I considered a range of thresholds for feature variance, but found that while removing features with low variance improved later model fit on most model types, it also widened the gap between train score (r2) and test score, which I judged to indicate overfitting. As a result I did not remove any features with low variance.
Data on Model Experimentation
Following data preprocessing I performed an 80/20 train/test split on the data and assigned dummy variables to my categoricals using pd.get_dummies. I considered untuned (default settings, with the exception of random forest, where I set n_estimators to 100 to improve runtime) and tuned versions of Multiple Linear Regression, Lasso, Random Forest, XGBoost, and SVR (tuning strategies below).
I found that a tuned XGBoost offered the best score both for train and test set fit (again using R2 as our metric).
Final model mean absolute error for the models attempted in this project ranged from $16,556 to $20,600, with our winning model on the low end of that range. Mean sale price for this dataset (our response variable) was $176,834. So, how happy are we with the outcome? How should we feel about the quality of our predictions for this dataset?
One way to thing about this is to ask ourselves what isn't in the data. How confident are we that we have all the data available that might reasonably influence sales outcomes? Presumably, if there's information that should influence the outcome not represented in the dataset, then we should expect an increased degree of error in our predictions. Conversely, if we see error in our model when our domain knowledge suggests that all (or nearly all) relevant factors should be accounted for, then our model is suspect.
So what might influence sale price that isn't listed in our dataset as currently available? I can think of a few things:
- Seller financial/job situation (Is the sale a short sale?

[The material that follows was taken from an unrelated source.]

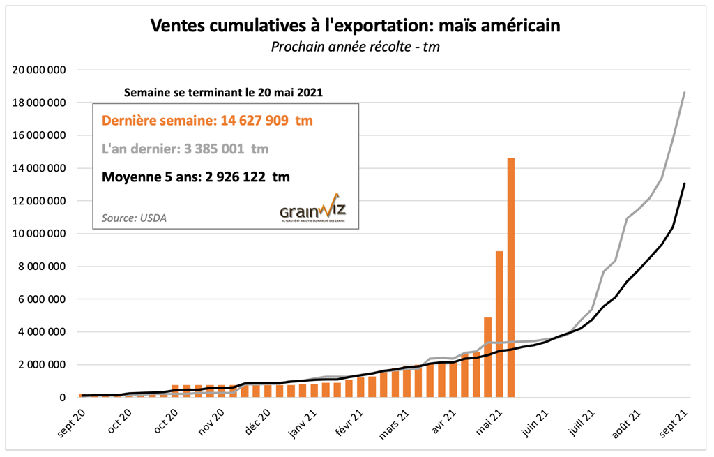 3e semaine de fortes ventes à l'exportation de maïs américain à destination de la Chine pour la prochaine récolte.

Did the seller recently undergo a financial loss that requires an urgent sale or receive a job offer requiring urgent move to another city?)
- Buyer/Seller negotiation skill
- Negotiation skill or years of experience of the real estate agents and brokers involved
Reflecting on personal experience, I can easily see how these factors could account for a 10% +/- variation in the sale price of an individual listing, though much more than that begins to feel like a stretch, and so it seems that we can rest reasonably secure that our winning model (XGBoost) is giving us sufficiently accurate predictions relative to the breadth of information available to it. It also gives us some ideas for our wish list of data for future expansion of the project, with anonymized listing agent (and preferably data to reflect their degree of sales experience) high on our list of data to request for future iterations of our project.